SQL database resolvers in GraphQL - Time & Space Complexity
When using SQL database resolvers in GraphQL, it's important to understand how the time to get data grows as the data size grows.
We want to know how the number of database calls and data processing steps increase when we ask for more or bigger data.
Analyze the time complexity of the following GraphQL resolver code that fetches data from an SQL database.
query GetUsersWithPosts {
users {
id
name
posts {
id
title
}
}
}
This query fetches a list of users and for each user, it fetches their posts from the database.
Look for repeated database calls or loops in the resolver process.
- Primary operation: Fetching posts for each user, often done with one query per user.
- How many times: Once for each user in the users list.
As the number of users grows, the number of post-fetching operations grows too.

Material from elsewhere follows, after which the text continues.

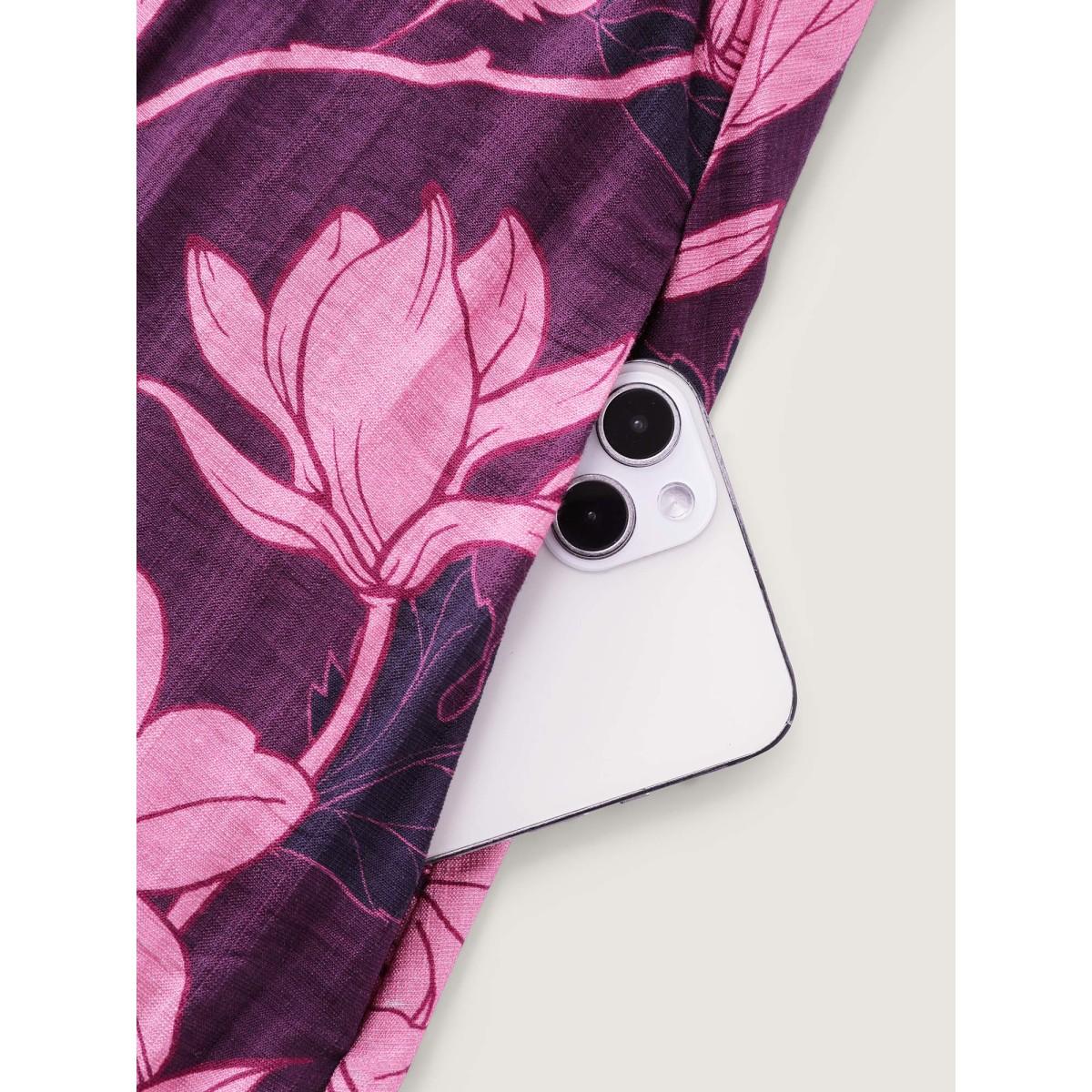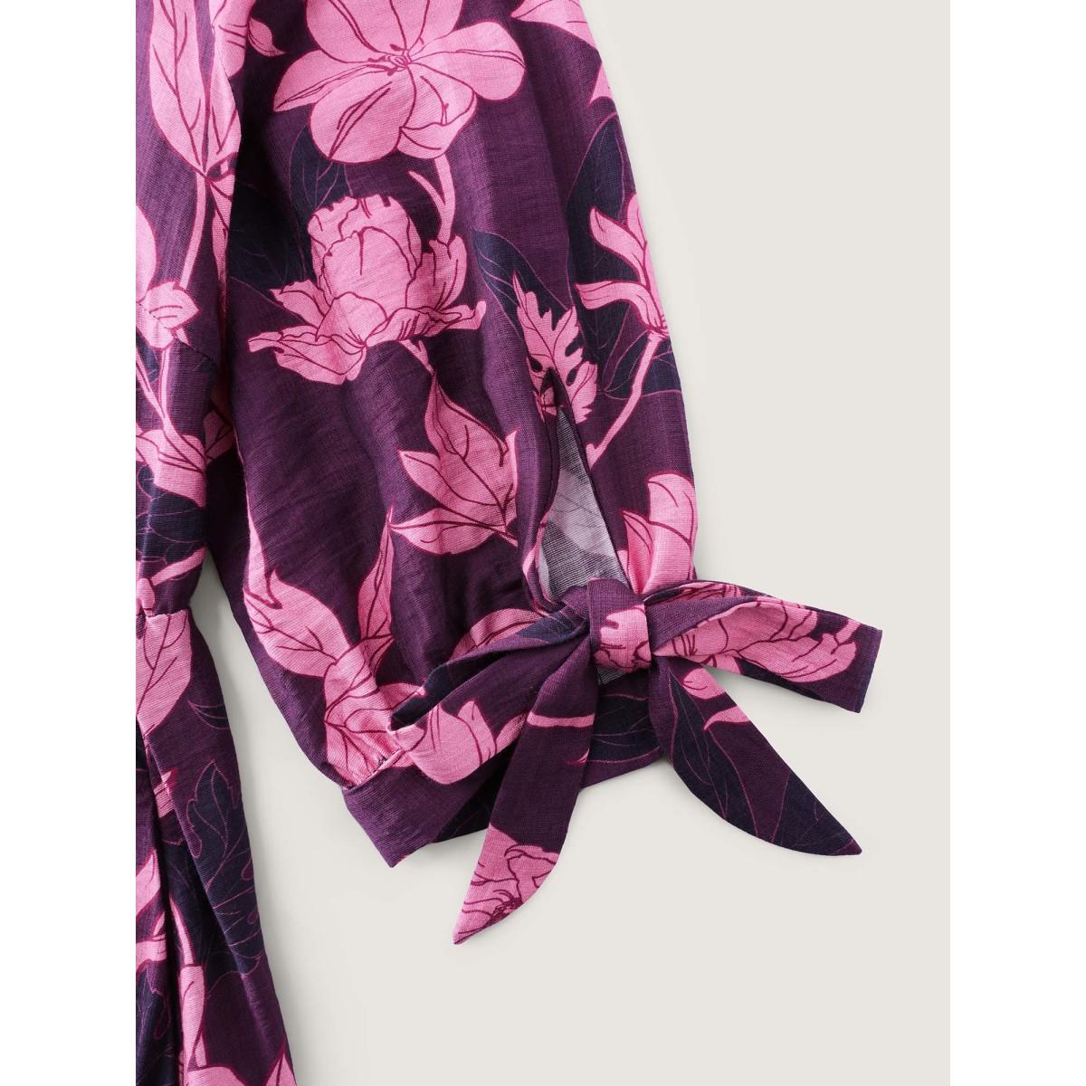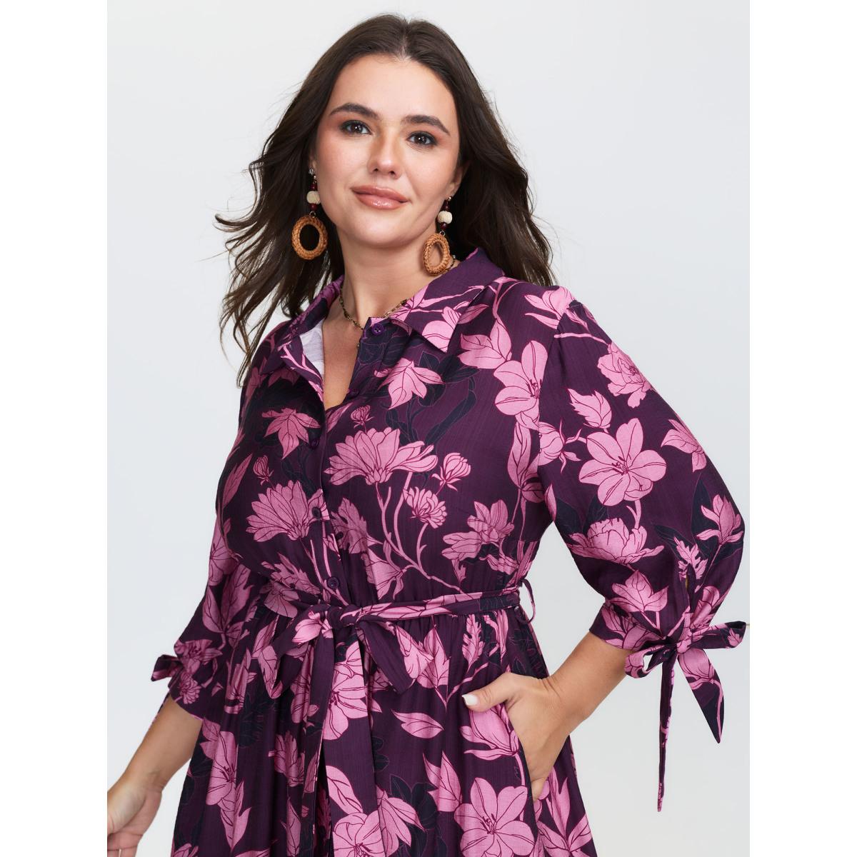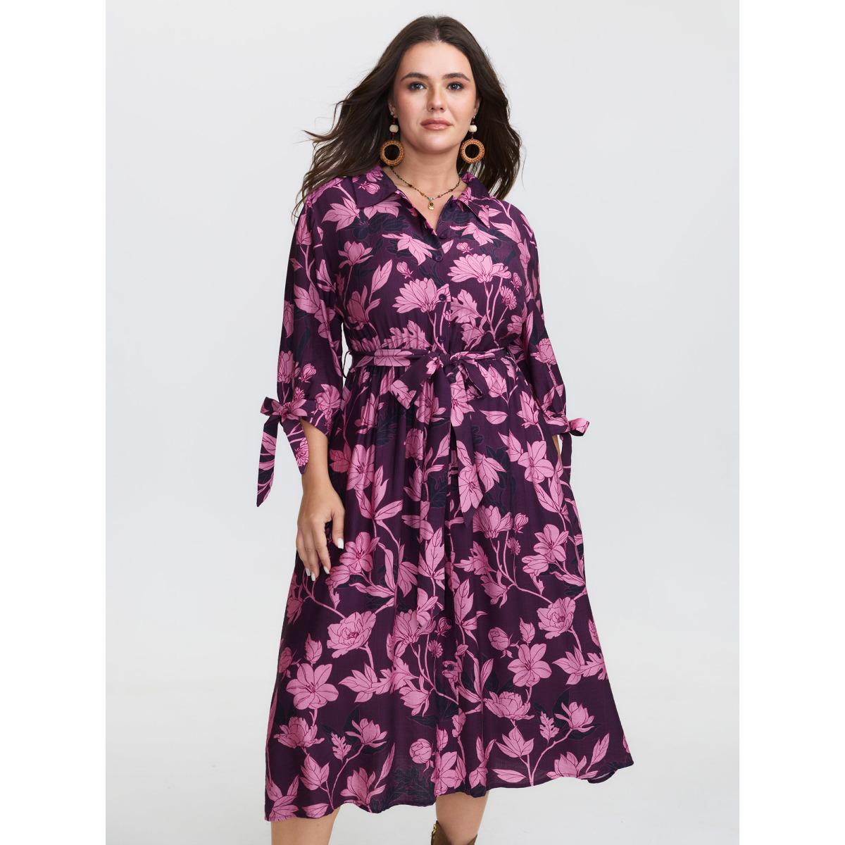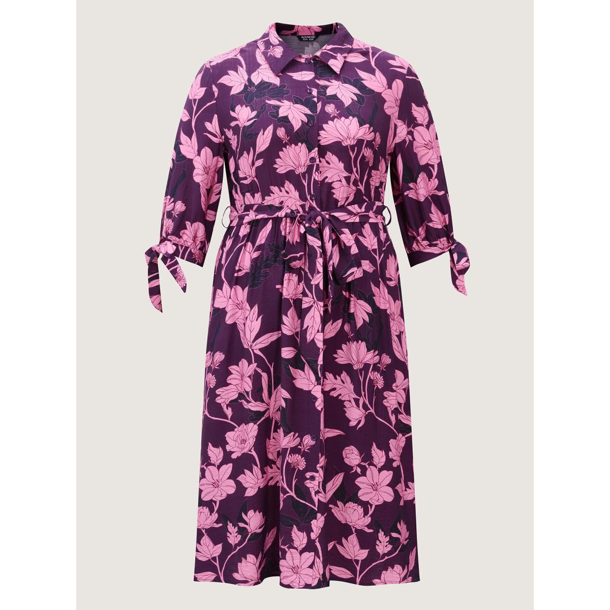 Plus Size Silhouette Flower Stretchy Waist Tie Midi Dress Deeppurplered Women Resort Shirt collar Elbow-length sleeve Curvy BloomChic 30/6X

| Input Size (n users) | Approx. Operations (queries) |
|---|---|
| 10 | 1 (users) + 10 (posts queries per user) = 11 |
| 100 | 1 + 100 = 101 |
| 1000 | 1 + 1000 = 1001 |
Pattern observation: The number of operations grows roughly in a straight line with the number of users.
Time Complexity: O(n)
This means the time to get all users and their posts grows directly in proportion to the number of users.
[X] Wrong: "Fetching posts for all users is just one database call, so time stays the same no matter how many users."
[OK] Correct: Usually, fetching posts for each user requires separate calls or processing, so time grows with the number of users.
Understanding how database resolvers scale helps you write efficient queries and explain your choices clearly in interviews.
"What if we changed the resolver to fetch all posts for all users in a single query? How would the time complexity change?"